▸ **Activity**
Only the lines from the one holding "賽前,大榮隊員為根本默哀 |" through the end of the records below are to be reproduced exactly, and pictures are to be omitted.

Data provided below:

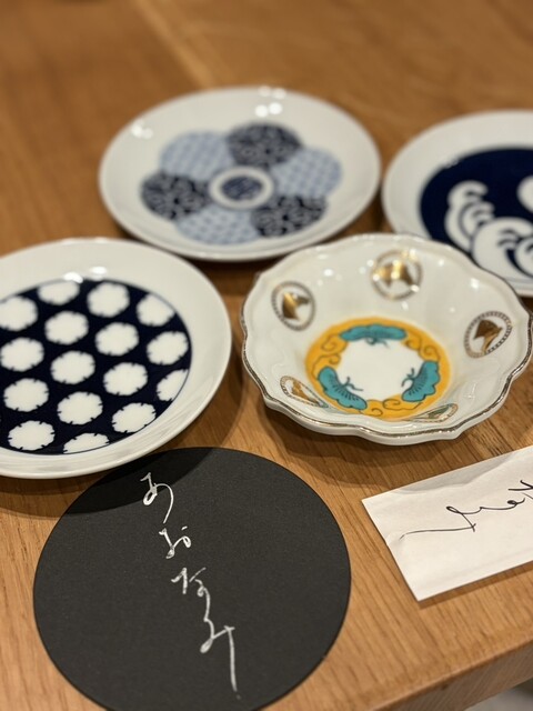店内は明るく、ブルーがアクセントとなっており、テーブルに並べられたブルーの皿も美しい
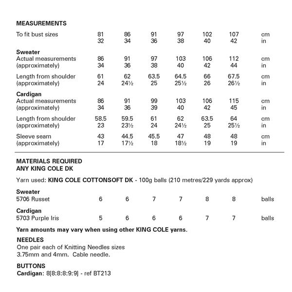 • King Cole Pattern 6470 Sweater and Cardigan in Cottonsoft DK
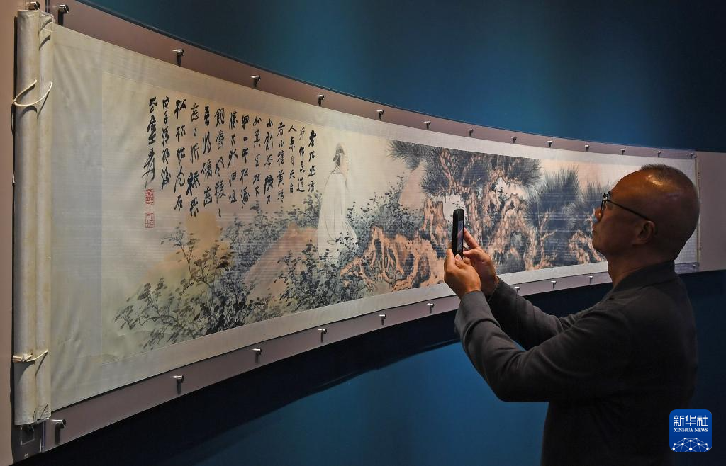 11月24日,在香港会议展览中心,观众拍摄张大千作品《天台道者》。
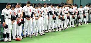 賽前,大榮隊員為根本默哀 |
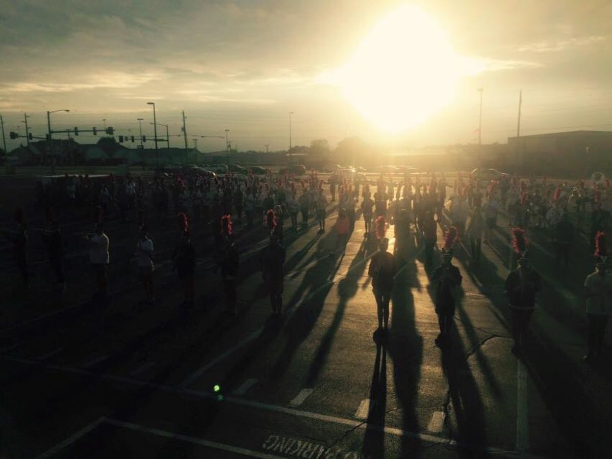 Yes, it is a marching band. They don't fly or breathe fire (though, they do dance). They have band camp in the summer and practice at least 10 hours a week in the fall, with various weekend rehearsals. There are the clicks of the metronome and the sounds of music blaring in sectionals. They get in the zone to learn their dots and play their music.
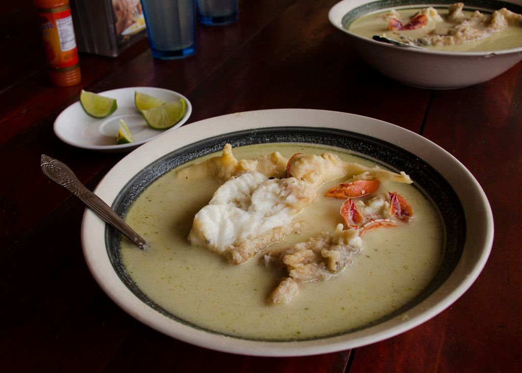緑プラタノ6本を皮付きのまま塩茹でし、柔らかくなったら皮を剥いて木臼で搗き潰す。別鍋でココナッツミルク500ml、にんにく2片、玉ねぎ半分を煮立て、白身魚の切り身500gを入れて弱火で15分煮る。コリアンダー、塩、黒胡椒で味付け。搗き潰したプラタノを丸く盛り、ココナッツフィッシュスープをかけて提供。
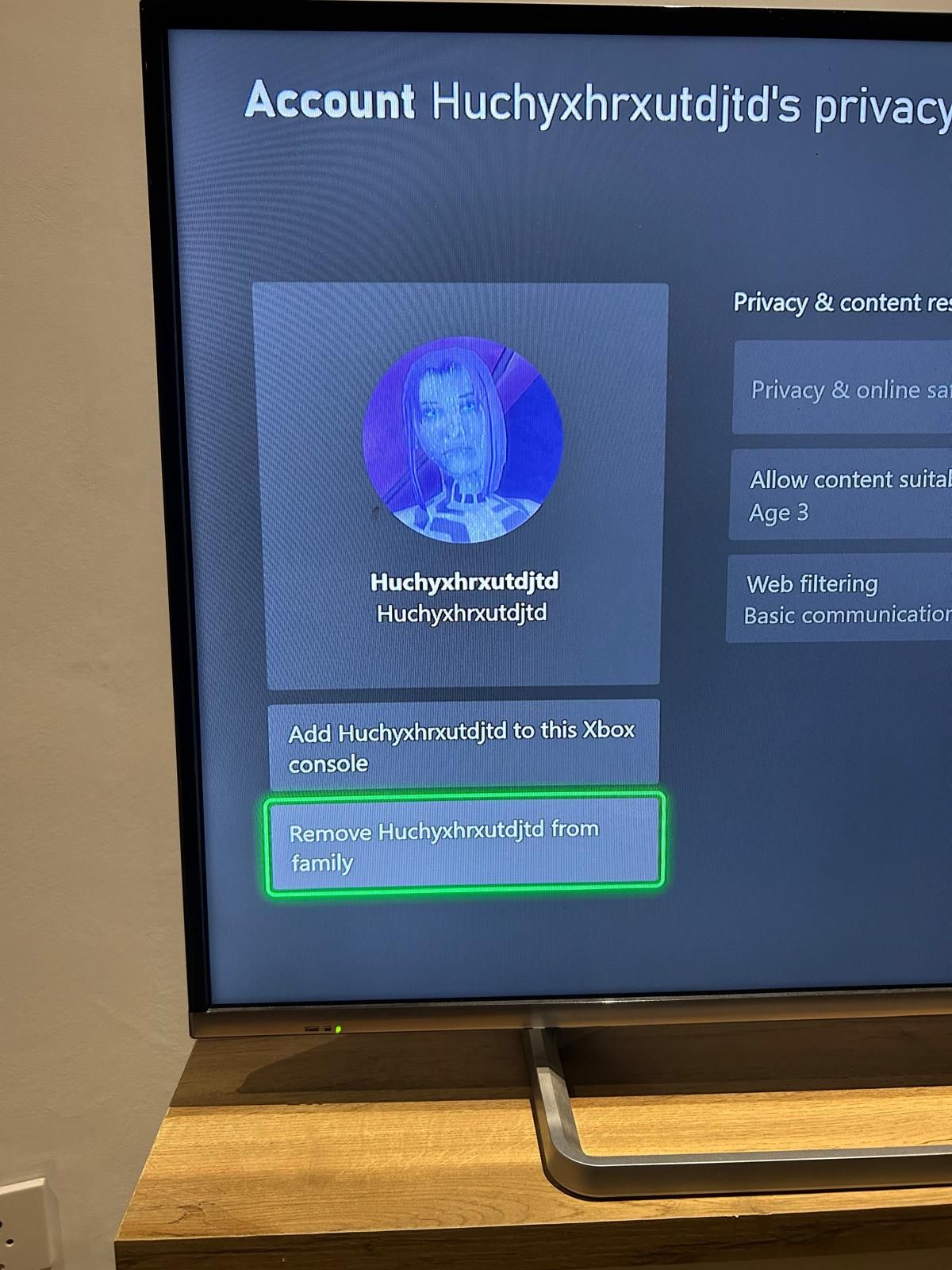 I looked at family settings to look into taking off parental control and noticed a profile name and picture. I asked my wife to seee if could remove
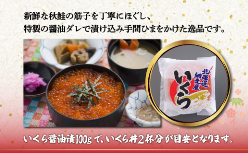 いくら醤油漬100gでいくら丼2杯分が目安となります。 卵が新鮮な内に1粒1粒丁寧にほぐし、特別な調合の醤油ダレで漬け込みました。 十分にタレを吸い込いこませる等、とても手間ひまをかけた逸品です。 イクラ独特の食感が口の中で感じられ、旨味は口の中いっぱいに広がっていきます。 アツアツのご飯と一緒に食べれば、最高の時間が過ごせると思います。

End of Data provided.

▸ **Result below**
 賽前,大榮隊員為根本默哀 |
 Yes, it is a marching band. They don't fly or breathe fire (though, they do dance). They have band camp in the summer and practice at least 10 hours a week in the fall, with various weekend rehearsals. There are the clicks of the metronome and the sounds of music blaring in sectionals. They get in the zone to learn their dots and play their music.
緑プラタノ6本を皮付きのまま塩茹でし、柔らかくなったら皮を剥いて木臼で搗き潰す。別鍋でココナッツミルク500ml、にんにく2片、玉ねぎ半分を煮立て、白身魚の切り身500gを入れて弱火で15分煮る。コリアンダー、塩、黒胡椒で味付け。搗き潰したプラタノを丸く盛り、ココナッツフィッシュスープをかけて提供。
 I looked at family settings to look into taking off parental control and noticed a profile name and picture. I asked my wife to seee if could remove
 いくら醤油漬100gでいくら丼2杯分が目安となります。 卵が新鮮な内に1粒1粒丁寧にほぐし、特別な調合の醤油ダレで漬け込みました。 十分にタレを吸い込いこませる等、とても手間ひまをかけた逸品です。 イクラ独特の食感が口の中で感じられ、旨味は口の中いっぱいに広がっていきます。 アツアツのご飯と一緒に食べれば、最高の時間が過ごせると思います。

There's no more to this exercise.